= Sherman Service Company =

Private detectives specializing in labor cases

The Sherman Service Company was based primarily in Eastern cities of the United States. While it aimed to "render service in bettering industrial relationships", in 1919 its advisory director, R.V. Phillips, was indicted in Cook County, Illinois, on the criminal charge of trying to incite a riot, and for "fraudulent and malicious intent to unlawfully, willfully and with malice aforethought kill and murder divers [sic] large numbers of persons."

The Sherman Service Company was known to buy pages of the New York Times to proclaim its doctrines of harmony in industry, while its clout with the government was such that its employees were exempted from the military draft.

==Criminal indictment==

The Sherman Service Company of Chicago was hired by Illinois Steel Company during a strike. An operative was told by the official who was instructing him in the performance of his duties, "[t]here is enough ammunition stored in the plant of the Illinois Steel Company at South Chicago to shoot down every striker like a dog. It was done twenty years ago, it will be done this time. The minute any of them start toward the gate, they will be shot like dogs." The Sherman Service Company sent instructions to the same operative to "stir up as much bad feeling as you possibly can between the Serbians and the Italians... The Italians are going back to work. Call up every question you can in reference to racial hatred between these two nationalities."

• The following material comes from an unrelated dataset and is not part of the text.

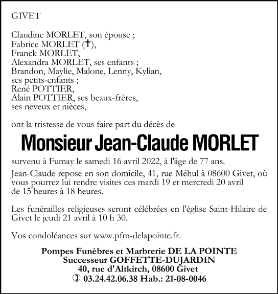 Décédé à Fumay (08170, France) le samedi 16 avril 2022 à l'âge de 77 ans

The goal was to convince the Serbians that the Italians were getting their jobs, and to "start them, angry, towards the gates behind which was the ammunition to shoot them down like dogs."

An account of a subsequent raid on Sherman Service offices in the Chicago Herald (November 2): [Illinois' State Attorney Maclay] Hoyne charges that the Sherman Service, which describes itself as "Industrial Conciliators," was employed by various companies against which strikes had been called, and that its operatives committed sabotage, assaulted persons, attempted to stir up class and race prejudice, and so foment disorder that strikebreakers and troops would be thought necessary. No evidence that the employing companies connived at these methods has been obtained. Mr. Hoyne said H. V. Phillips, advisory director for the Sherman company, "gave instructions, not only verbally, but over the telephone and in writing, to commit violence." "There is no doubt in my mind that the Sherman Service was engaged in stirring up riots," said Mr. Hoyne. "Its operatives destroyed or advocated the destruction of property, aroused antagonism between different groups of strikers, and employed sluggers—all the time professing to be engaged in conciliating troublemakers." Mr. Hoyne said complaint had first been made to him by Ed. Nockles, secretary of the Chicago Federation of Labor, who had as a witness Charles Stern, formerly Operative No. 300 for the Sherman Service... Mr. Hoyne said Phillips "was particularly active in arranging for the use of sluggers, breaking of windows, cutting of auto tires, burning of buildings and stirring up racial hatred and prejudice." "I believe there is ample evidence," Mr. Hoyne said, "to convict Phillips and a number of other officers and employes of the agency of a number of crimes..." The indictment was subsequently quashed.

After the raids, Sherman Service Company placed advertisements in its own defense which stated, in part: Sherman Service has recently been attacked by the radical element of labor, who are opposed to the Americanization of industrial forces of this country and to the maximum and uninterrupted production which is so essential to the continuity of national progress. Our successful activities along constructive lines in harmonizing the relationship between employer and employee wherever we serve, and in developing a spirit of whole-hearted co-operation, is the greatest stumbling block which the recent-day agitator is forced to overcome—consequently the attack.

==Government service==

In 1920 The Nation reported that Sherman Service Company stated in an internal publication that it served the government. The Nation observed that "for this purpose its operatives become 'apparent reds'." Sherman Service Company had published that: "Wherever ... organizations [such as the radical element of labor] exist in the community and try to influence the workers it becomes the duty of the Sherman representatives to pretend sympathy and join so as to learn who the leaders are. Such information is then supplied to the government."
==Agency aliases==

Sherman Service Company has also assumed the names National Manufacturers' Syndicate, and National Mutual Service Co.